Lazyweb Research detected 38 distinct experiments at Adobe, with at least 18 on the home surface and at least 7 on the paywall. [1] Adobe iterates its in-app workspace/home more than its paywall — a pattern for a creative-tools subscription where activation on the core canvas drives retention more than any single upgrade screen.

How to apply it

Adobe's home-heavy split (18 home vs. 7 paywall) is the benchmark for a creative-tools subscription: the workspace where users produce work is the primary test surface, with the paywall secondary. If your creative app over-invests in paywall testing, Adobe is evidence the activation surface may deserve more. Three experiments were detected in 2026. [1]

Caveats

All figures are observed variations with LLM-inferred rationale, not company-confirmed A/B tests — no lift is measured. [1] Surface splits are lower bounds because screen category is unlabeled on 1,425 of 4,814 corpus experiments. [cat_null]

The numbers

StatComputed from
38 distinct experiments; at least 18 home, at least 7 paywallcompany_total:adobe (value 38; home 18, paywall 7, in-2026 3)
1,425 of 4,814 experiments have no screen categoryscreen_category_null_on_experiments (1425/4814)
Methodology. Universe: 38 distinct Adobe experiments (COUNT(DISTINCT experiment_id)) within 4,814 detected before/after UI diffs across 276 companies, July 2026. Extraction: LLM-inferred rationale on observed variations.
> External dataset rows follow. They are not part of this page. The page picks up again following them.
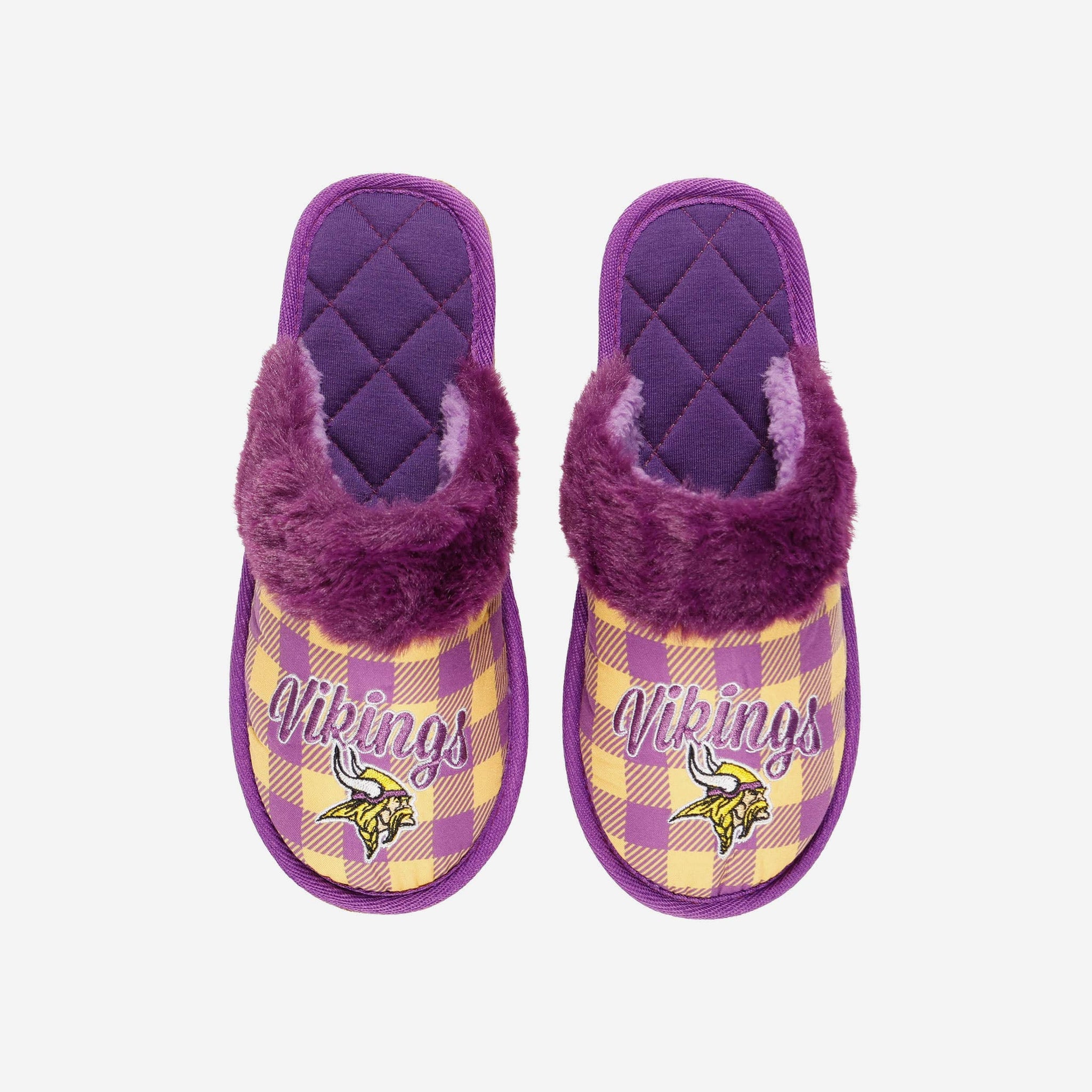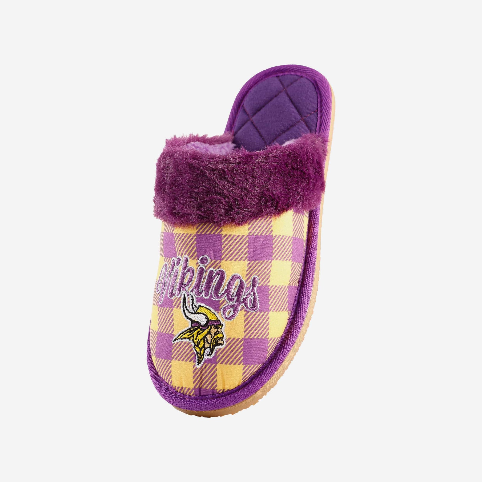 Minnesota Vikings Womens Plaid Sherpa Mule Slipper FOCO S - FOCO.com
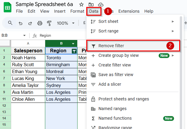 ➤ You can also go to Data from the Menu > click the Remove Filter option.
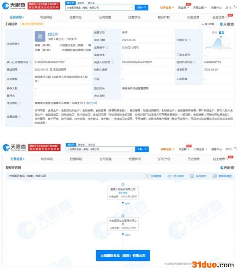 天眼查App显示,近日,大咖国际食品(海南)有限公司成立,注册资本5000万人民币,法定代表人为赵红果,经营范围含食品生产、销售;餐饮服务;乳制品生产;婴幼儿配方食品生产等。股权穿透图显示,该公司由蜜雪冰城股份有限公司间接全资持股。
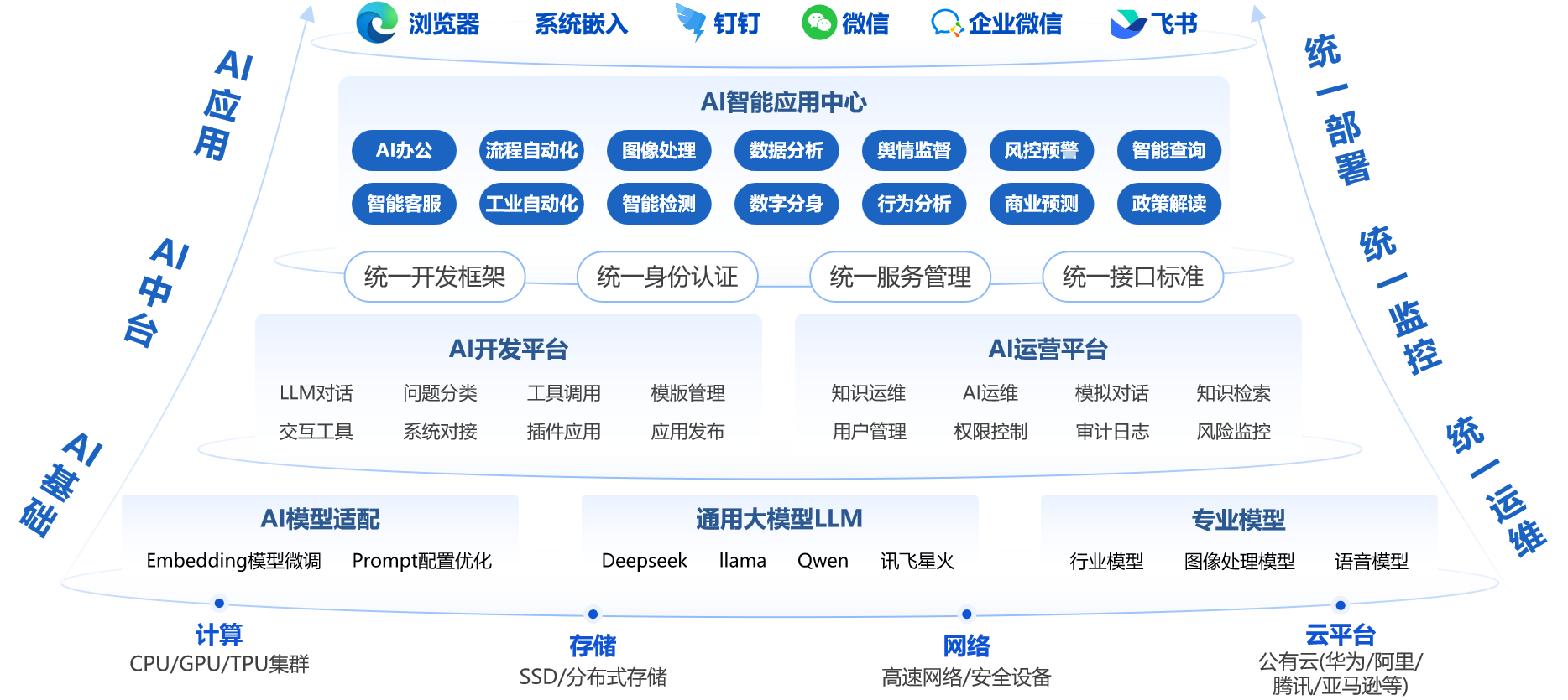 通过构建全栈式AI能力运营体系,实现资源集中管控、运维智能协同、应用敏捷部署及风险实时预警,为企业提供开箱即用的AI服务解决方案,助力客户规模化治理AI资产、优化资源利用率、降低全生命周期管理成本,并保障生产环境稳定性。

Caveat: detected variations only, never company-confirmed A/B tests.

Sources & citations

  1. [1] Lazyweb Research analysis of 38 detected experiments (Adobe, ~800-app mobile corpus), July 2026. COUNT(DISTINCT experiment_id) on before/after diffs; surface splits from is_paywall + screen_category.
  2. [cat_null] Lazyweb Research analysis of 4,814 detected experiments (276 companies, ~800-app mobile corpus), July 2026. screen_category is NULL on 1,425 experiments, so all surface splits are lower bounds.

Source: Lazyweb Research — proprietary analysis of real, in-market app screens. Cite as Lazyweb Research, 2026-07-07.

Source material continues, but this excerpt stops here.